The No to Named Persons (NO2NP) group collected signatures on the streets of Kirkintilloch and Dundee at the weekend, tapping into mounting opposition to the Children and Young People (Scotland) Act, which was passed at Holyrood last year.
The petition says: “I oppose the Scottish Government’s plan to assign a ‘Named Person’ to every child in Scotland because it undermines families and diverts resources from children who need them.”
Under the law, every child in Scotland will be assigned a state-employed Named Person to monitor their welfare.
In January, judge Lord Pentland dismissed a judicial review brought against the legislation but three judges will consider an appeal against the decision during a two-day hearing starting on Wednesday.
The legal action was brought by The Christian Institute, alongside CARE, other charities and concerned parents.
A spokesman for NO2NP said: “We remain deeply concerned about the threats to the human rights of families to their privacy in their own homes as well as the breaches of data protection laws as the state passes confidential family information to and from different public bodies.
“It is anti-democratic, breaches the privacy of families and is an unwelcome intrusion into the lives of ordinary mums and dads trying to do their best to bring up their children.

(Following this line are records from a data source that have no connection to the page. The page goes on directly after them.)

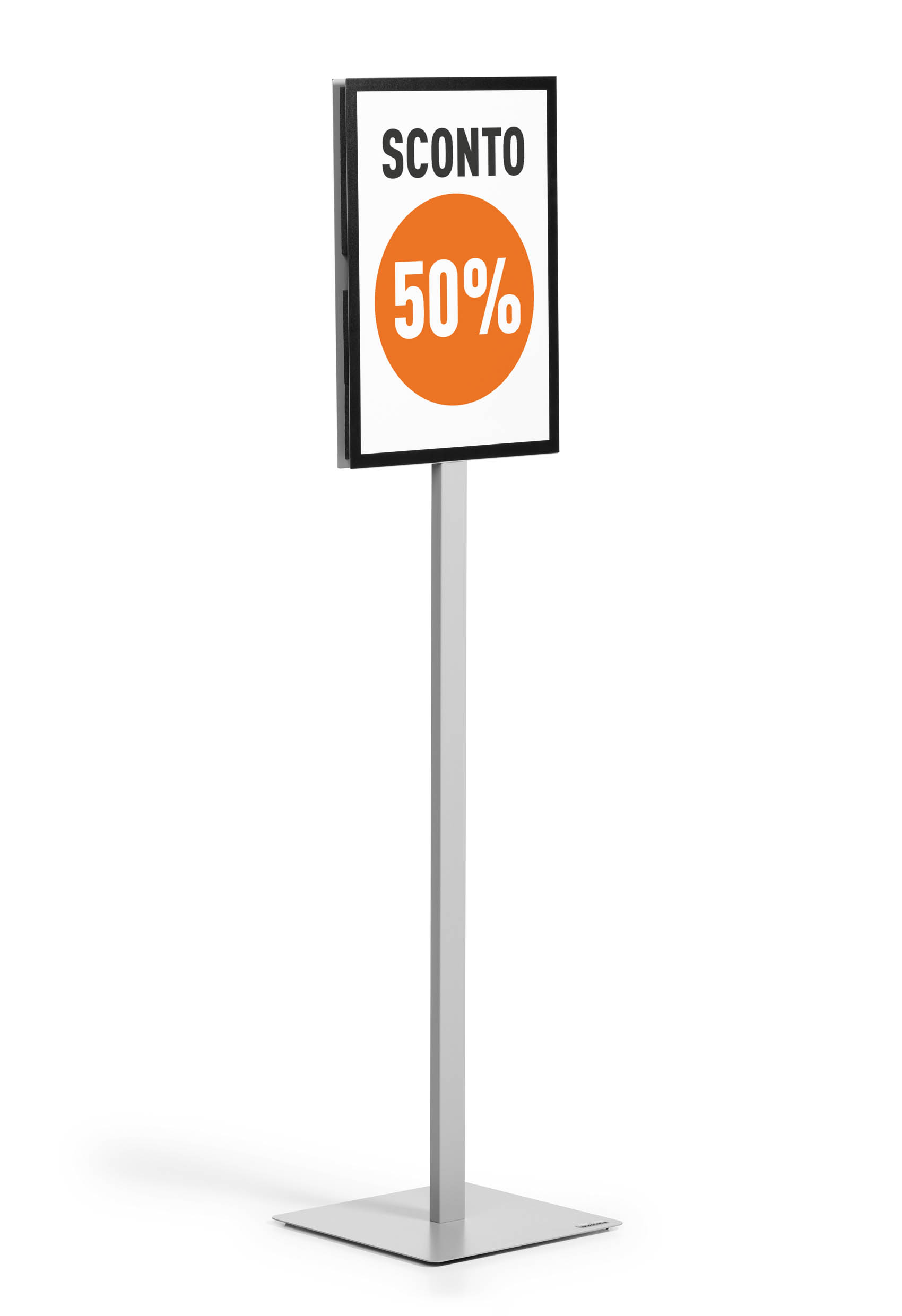 • L’espositore da pavimento INFO STAND BASIC è adatto sia alla presentazione di informazioni che come sistema di orientamento e guida grazie alla sua leggibilità su due lati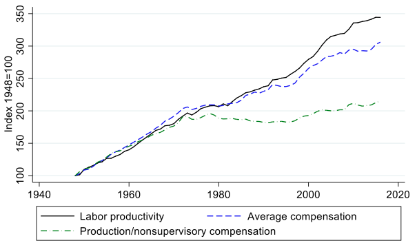 Рост заработной платы для работников среднего класса в США был ужасным за последние десятилетия - в реальном выражении среднемесячная компенсация за период с 1973 по 2016 год увеличилась лишь на 11%. В то же время почасовая производительность труда неуклонно росла, увеличиваясь на 75%.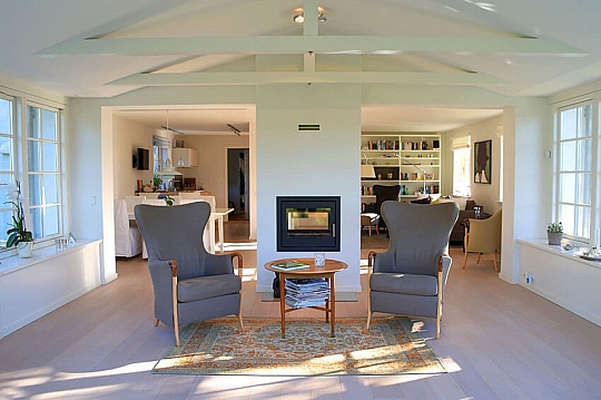 Vinkelbygning opført i harmoni med utraditionelt hus. Hvidpigmenteret rustiklofter er ført til kip, hvor…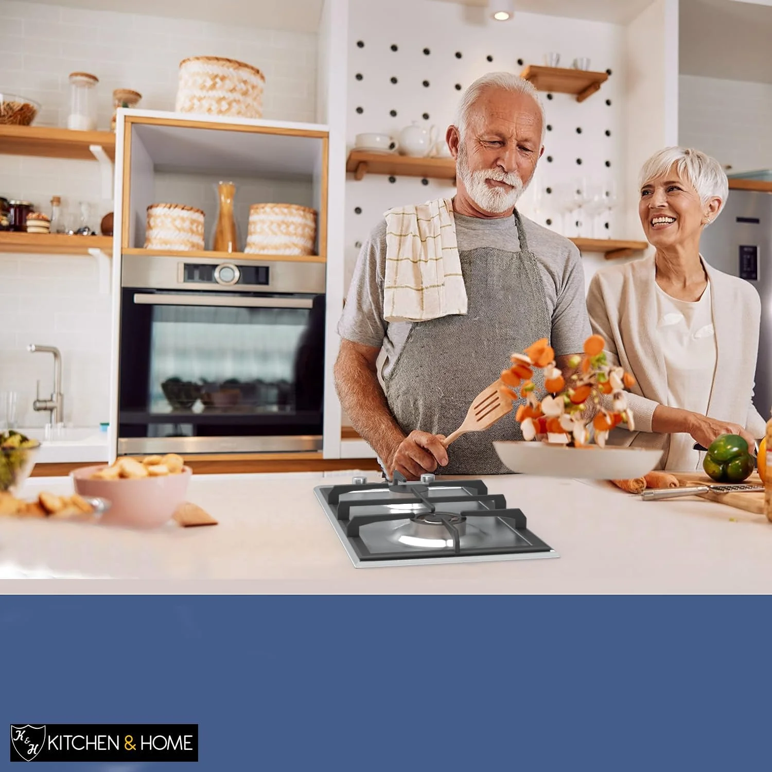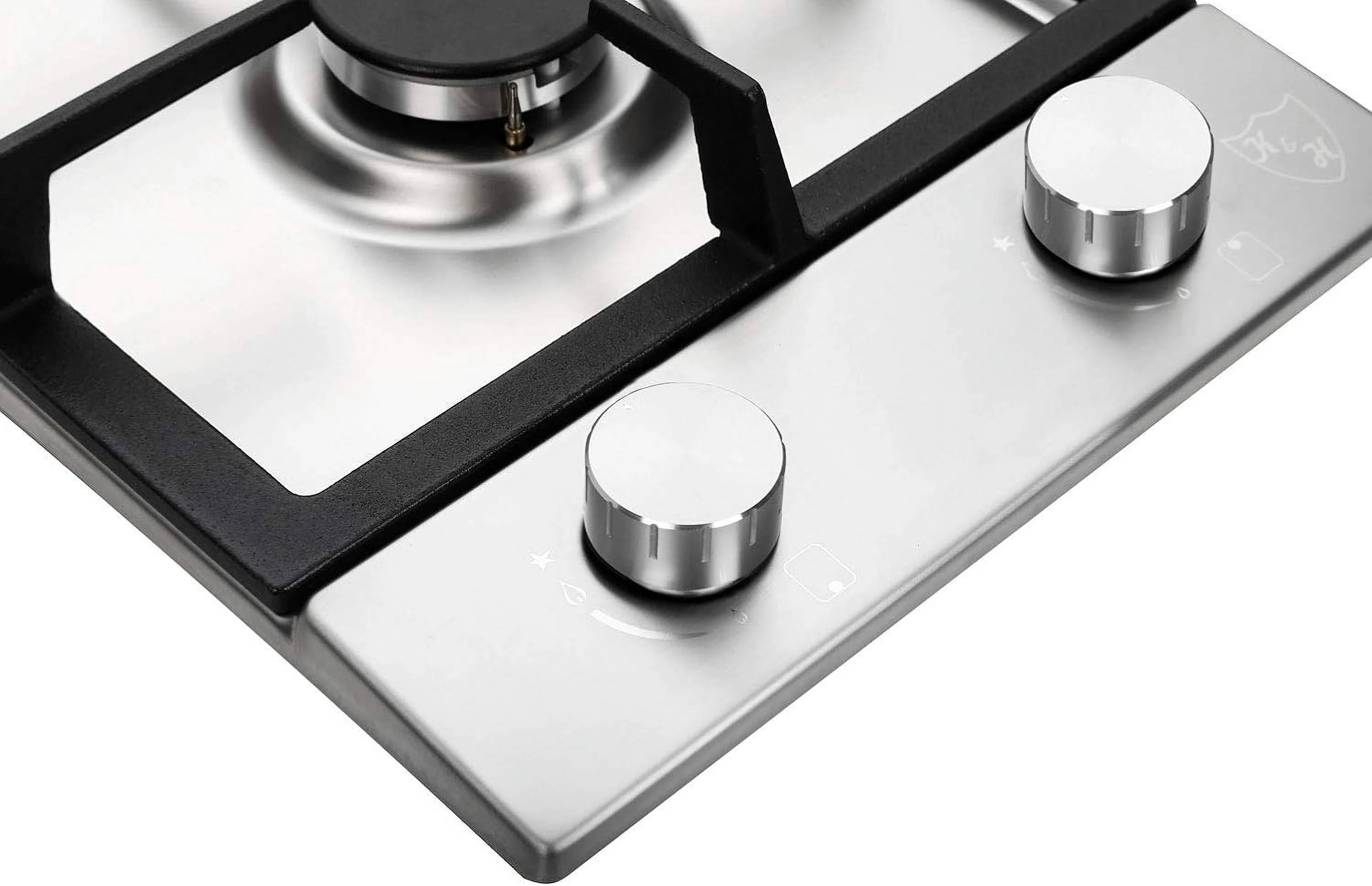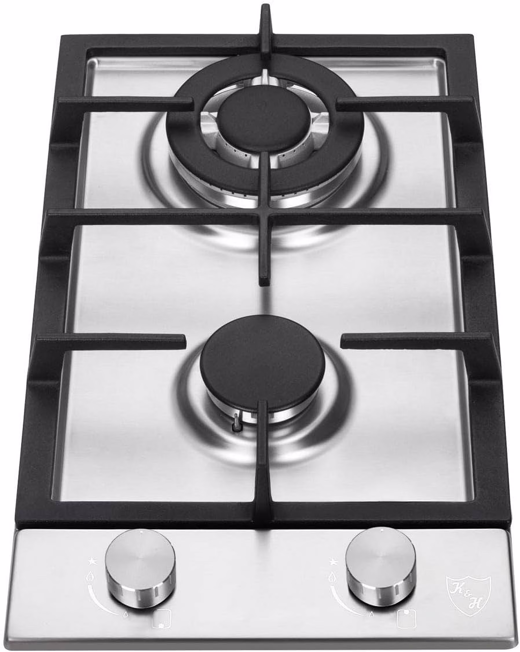 2 POWERFUL BURNERS with heavy cast iron pan support grates included Triple Flame Wok burner (K&H Wok Support Ring is separately available). - NORTH AMERICAN NORM ETL / UL safety certified and German designed / developed K&H cooktop from Kitchen and Home.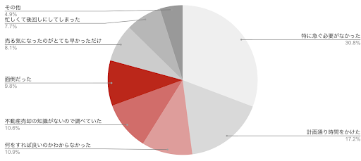 不動産を売却したいと考えてから情報収集や不動産会社を訪問するなどの行動に移すまでに半年以上かかった理由として、「特に急ぐ必要がなかった」「知識がないので調べていた」「何をすれば良いのかわからなかった」「面倒だった」などが上位に上がりました。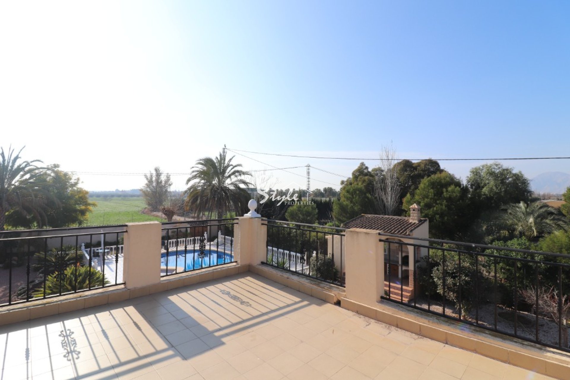 We have for sale a country house with 1000 m2 of plot and a private pool. Located in Catral, a city 10 km from the sea and the beaches of Guardamar del Segura. The plot has a pleasant environment with an impressive swimming pool and very well-maintained green areas, barbecue area, parking. The property has 4 bedrooms and 3 bathrooms, large kitchen, large living room, solarium. The house has a terrace with magnificent unobstructed views of the park and green areas. This house is sold furnished and with air conditioning installation. Outside you can find a shower room, utility room, garages, and workshop. The garden is pretty and well maintained with mature trees and flowers, there is also more land towards the back of the property with enough space to build a separate house.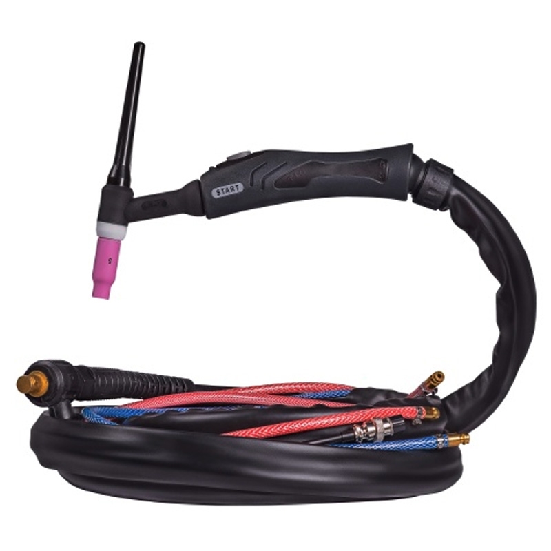 Горелка TIG WP18 F-4м с водой, кнопкой и вентилем предназначена для ручной сварки методом TIG неплавящимся вольфрамовым электродом. Она имеет гибкую головную часть FX, позволяющую производить сварку в различных положениях и ограниченном пространстве. Горелка оснащена газовым вентилем V на рукоятке, что делает её универсальной и позволяет использовать на большинстве сварочных аппаратов различных производителей.

“The state thinks the named person – a health visitor, a teacher or other professional – can fulfil the role better than mums and dads which is ridiculous.”
A charity that provides legal help for children has applied to intervene in the appeal, saying that the Named Person scheme creates a “serious risk” that young people will not access confidential services when they are in need of help.
Alison Reid, Principal Solicitor of Clan Childlaw, said: “We all want to make sure that children and young people in Scotland are protected and recognise that when child protection issues arise, these need to be shared appropriately amongst professionals.
“However, where there are no child protection concerns, a child, like anyone else, should be entitled to a level of confidentiality when accessing advice”, she added.